A mass of 0.2 kg, length 1m and cross sectional area `4.9 xx 10^(-7) m^(2)` is suspended from a massless wire. The mass is pulled slightly in the vertically downward direction and released. It performs simple harmonic motion of angular frequency 70 rad `s^(-1)`. If the Young's modulus of the material of the wire is `x xx 10^(9) Nm^(-2)`, find the value of x.

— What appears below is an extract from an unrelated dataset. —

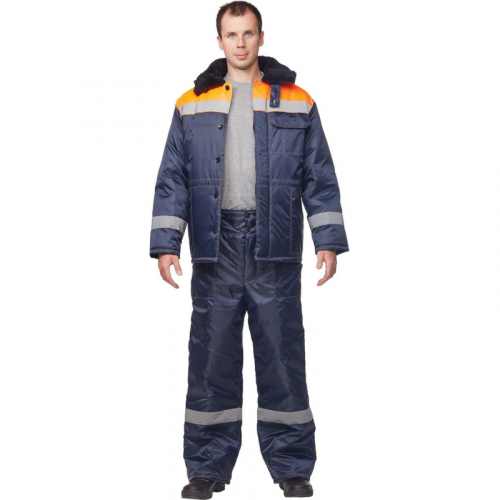 Куртка рабочая зимняя мужская з32-КУ с СОП синяя/оранжевая из ткани оксфорд (размер 68-70, рост 182-188). Куртка предназначена для защиты работающих от пониженных температур в различных отраслях промышленности (сельское хозяйство, логистика, легкая промышленность, строительство), а также производственных загрязнений. Изготовлена из материала Оксфорд (100% полиэстер) плотностью 90 +/- 5 г/кв.м. Утеплитель - синтепон плотностью 360 г/кв.м (основа) 3 слоя по 120 г/кв.м и 240 г/кв.м (руки) 2 слоя по 120 г/кв.м. Технология изготовления термоскрепленного синтепона (евросинтепона) позволяет использовать данный утеплитель для создания более тонких изделий с сохранением термозащитных свойств. Важными преимуществами утеплителя являются легкость и хорошая пластичность, что улучшает подвижность в костюме. А также исключение миграции волокна через ткани верха и подкладки за счет скрепления слоев. Материал подкладки - 100% полиэстер. Защитные свойства: - Защищает от общих производственных загрязнений. -Защищает от пониженных температур. Светоотражающая полоса шириной 5 см размещена спереди, сзади между кокеткой и нижней частью куртки, а также на рукавах. Куртка прямого силуэта, удлиненная, с центральной бортовой супатной застежкой на 5 петель-пуговиц. Полочка отрезная по линии кокетки. Наличие двух нижних накладных карманов с косым срезом и наличие одного накладного нагрудного кармана с клапаном с двойной контрастной отстрочкой. Низ куртки обработан швом в подгибку с закрытым срезом. По линии талии настрочена кулиса со сквозным выходом наизнанку, регулируется шаровым фиксатором и шнуром. Спинка прямая, отрезная по линии кокетки. Рукав прямой, втачной, одношовный. Внутри рукава по нижней части на подкладку притачан трикотажный манжет. Воротник меховой, спереди застегивающийся на пуговицу. Изготавливается в соответствии с ГОСТ 12.4.303-2016, ТР ТС 019/2011. Коллекция зимней спецодежды з32 представлена в двух видах ткани - смесовой с влагоотталкивающей пропиткой и Оксфорд. К куртке з32-КУ из ткани Оксфорд подходят брюки з32-БР из аналогичной ткани.

To find the value of \( x \) in the Young's modulus of the material of the wire, we can follow these steps: ### Step 1: Understand the relationship between Young's modulus, stress, and strain Young's modulus \( Y \) is defined as the ratio of stress to strain: \[ Y = \frac{\text{Stress}}{\text{Strain}} \] ### Step 2: Define stress and strain Stress (\( \sigma \)) is given by: \[ \sigma = \frac{F}{A} \] where \( F \) is the force applied, and \( A \) is the cross-sectional area. Strain (\( \epsilon \)) is defined as: \[ \epsilon = \frac{\Delta L}{L} \] where \( \Delta L \) is the change in length (extension) and \( L \) is the original length. ### Step 3: Calculate the force acting on the wire The force acting on the wire due to the suspended mass is the weight of the mass: \[ F = mg \] where \( m = 0.2 \, \text{kg} \) and \( g \approx 9.81 \, \text{m/s}^2 \). Thus, \[ F = 0.2 \times 9.81 = 1.962 \, \text{N} \] ### Step 4: Substitute values into the stress formula The cross-sectional area \( A \) is given as \( 4.9 \times 10^{-7} \, \text{m}^2 \). Therefore, the stress is: \[ \sigma = \frac{F}{A} = \frac{1.962}{4.9 \times 10^{-7}} \approx 4.0 \times 10^{6} \, \text{N/m}^2 \] ### Step 5: Relate angular frequency to spring constant The angular frequency \( \omega \) of the simple harmonic motion is given as \( 70 \, \text{rad/s} \). The spring constant \( k \) can be related to \( \omega \) and mass \( m \) by: \[ \omega = \sqrt{\frac{k}{m}} \implies k = m\omega^2 \] Substituting the values: \[ k = 0.2 \times (70)^2 = 0.2 \times 4900 = 980 \, \text{N/m} \] ### Step 6: Calculate the strain Using the relationship \( \Delta L = \frac{mg}{k} \): \[ \Delta L = \frac{1.962}{980} \approx 0.002 \, \text{m} \] Now, the strain is: \[ \epsilon = \frac{\Delta L}{L} = \frac{0.002}{1} = 0.002 \] ### Step 7: Substitute into Young's modulus formula Now substituting stress and strain into the Young's modulus formula: \[ Y = \frac{\sigma}{\epsilon} = \frac{4.0 \times 10^{6}}{0.002} = 2.0 \times 10^{9} \, \text{N/m}^2 \] ### Step 8: Find \( x \) Given that \( Y = x \times 10^{9} \, \text{N/m}^2 \), we can equate: \[ 2.0 \times 10^{9} = x \times 10^{9} \] Thus, \( x = 2 \). ### Final Answer The value of \( x \) is \( 2 \). ---